(WFSB) – If you thought driving got more dangerous during the pandemic, you’re not mistaken.
Channel 3 got a closer look at the program that many have noticed over the last year.
“Pandemic driving” is a real thing and there’s people set out to stop it before it becomes a tragedy that hits too close to your home.
Days before the new year, the family of 19-year-old Jacob Provost and 16-year-old Olivia Cyr had to say a tearful, sudden goodbye after the teens were killed in a crash on Route 44.
“What caused this tragedy is people not following the posted speed limits,” said Michelle Provost, Jacob’s aunt.
These young lives, full of potential, were two of the 306 lost last year on Connecticut’s roads.
The numbers don’t veer too far from previous years, but the total number of crashes were down by more than 30,000 last year when for a couple of months, the roads were mainly empty during the height of the pandemic.
“The number of fatalities that we were seeing didn’t drop in the same way that traffic volume dropped. That’s counter to what you would expect,” said Eric Jackson, Director of CT Transportation Safety Research Center.
With fewer people on the road, why are more people dying?
Eric Jackson, the Director of Connecticut’s Transportation Safety Research Center, says the reason crashes were more severe and the reason deaths didn’t drop was because speeding was increased.
“Eighty miles per hour, to 85 miles per hour. There was sometimes doubled, tripled, sometimes even quadrupled in the number of vehicles that were traveling at that speed,” Jackson said.
If you spend enough hours on the roads last year, you probably noticed.
“We really don’t have direct evidence to show why people are traveling faster,” Jackson said.
Trooper Curt Booker from the Connecticut State Police’s Aggressive Driving Team says he knows the source of the speeding epidemic.
Trooper Booker says many of the speeders cite the pandemic. He comes face to face with speeders every day, so he can share their perspective.
“People are a little angry. They’re upset about certain things, the status of the country, whatever the case may be, but to that point, they’re going to exercise that through their driving,” Trooper Booker said.
On a snowy day in mid-April, people should have been cautious on I-384 in Manchester, but that wasn’t always the case.
“This guy right here is doing 84,” Trooper Booker said.
Within a minute of Channel 3 setting up cameras, Trooper Booker was off.
Some drivers didn’t realize they were doing 80 plus miles per hour in a 65 mile per hour zone.
“I thought it was a lot lower than that,” the driver said.
Other apologized immediately.
The most dangerous part of the situation is the traffic volume has now pretty much returned to normal, but the pandemic speeding hasn’t corrected itself.

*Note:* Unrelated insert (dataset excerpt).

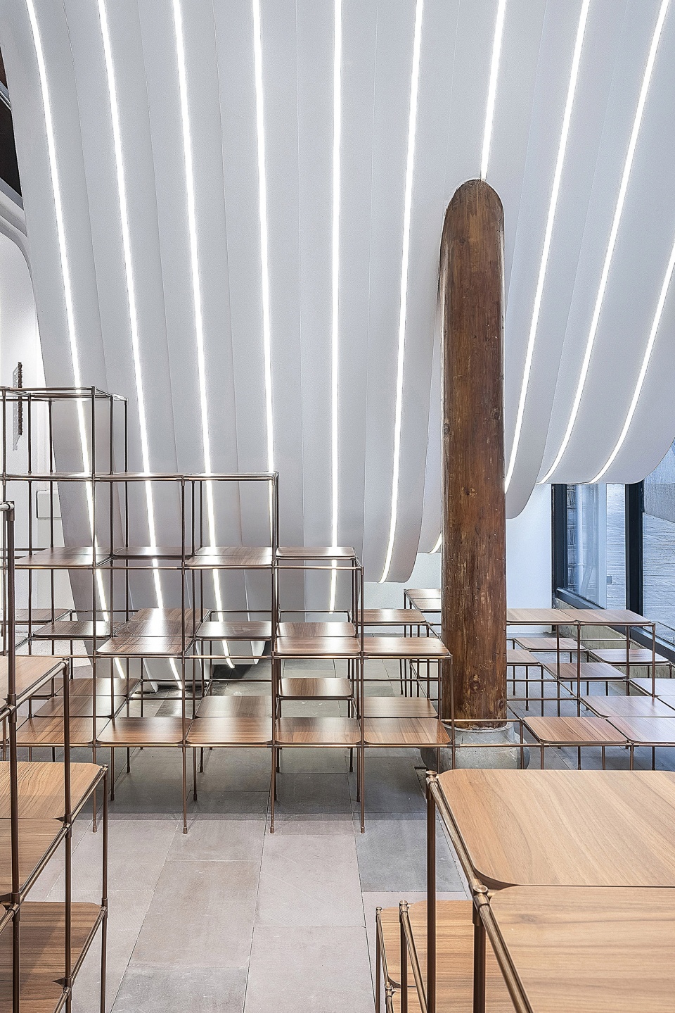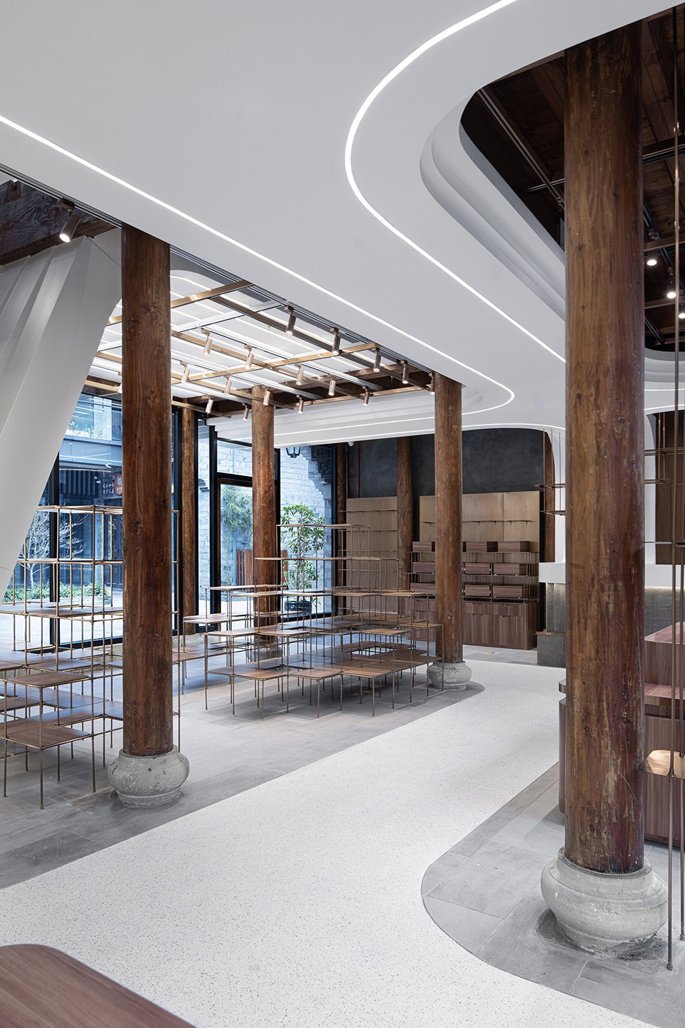 By means of thoroughly dismantling the jumbled and redundant walls and simply exposing the original wood structure and wall materials, the design team has placed a continuous white curved surface, which like a leaping wave, between the beams and the columns, and thus hidden inside the surface the equipment pipelines, the electrical lines, etc., so that the sight can be much clearer, purer and simpler without any confusion.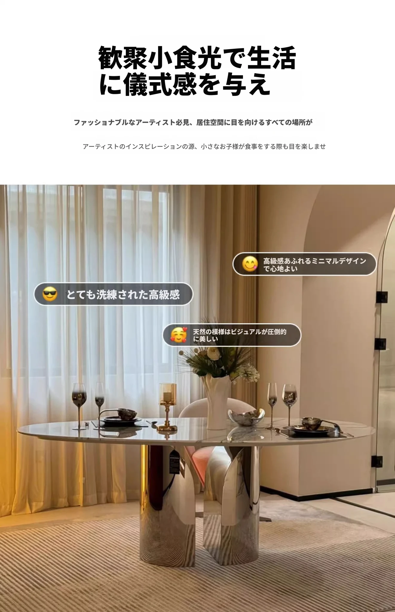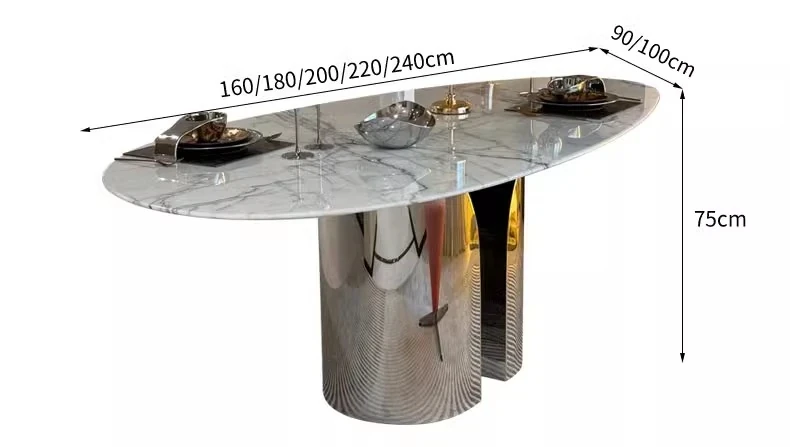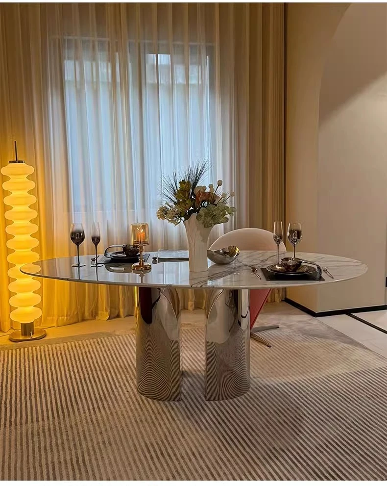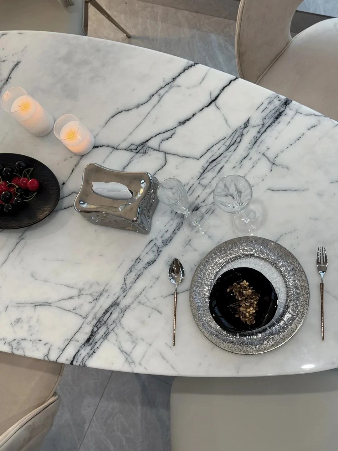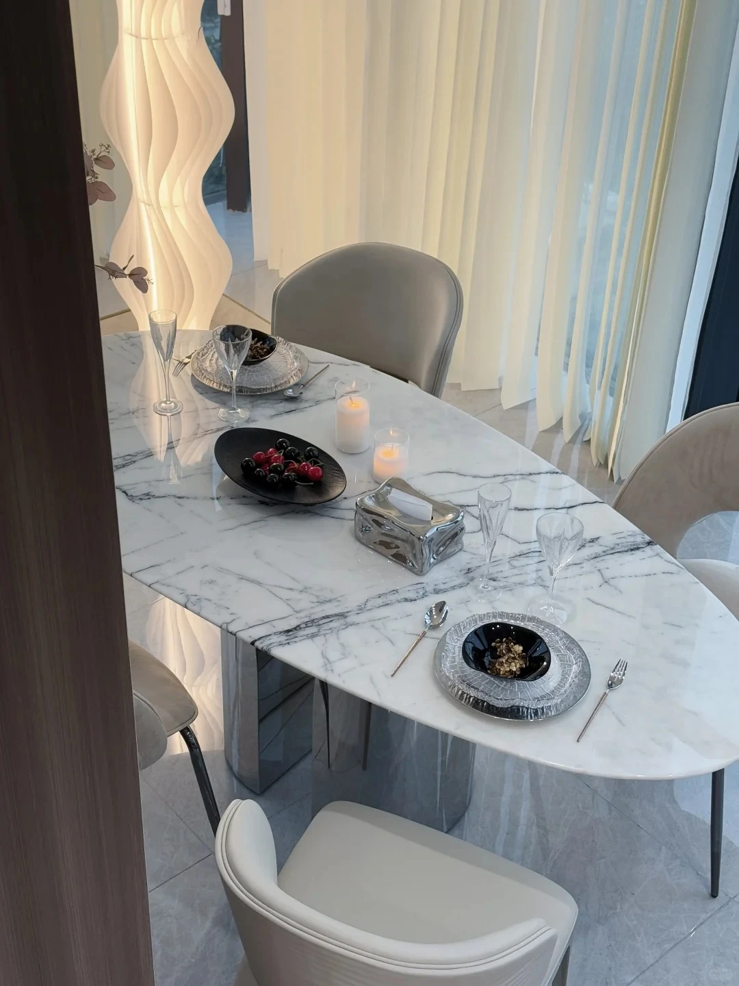 輸入天然高級石材の香雪梅大理石ダイニングテーブル - イタリアンミニマリズムの極み、別荘や家庭に最適なエレガントな楕円形テーブル!

“We really haven’t seen the drop in those numbers since the lockdown took place,” Jackson said.
“We’re creatures of habit. What we do once, we do it again. Now that we’ve been allowed or at least the perspective is that we’re allowed to drive that way, that’s not the truth or reality, but they believe that it is,” Trooper Booker said.
With summer fast approaching, expect the traffic to only get worse. With the same amount of aggression on the roads, police and experts hope that drivers will self-correct, but fear they may not.
“Until the discourse of the nation changes, it may be here. I’m no expert on that, but it very well could be here for a while,” Trooper Booker said.
That’s why the State Police Aggressive Driving Teams are so important. They will be out, cracking down on speeding, texting, and other distractions to make the roads safe as more people get on them.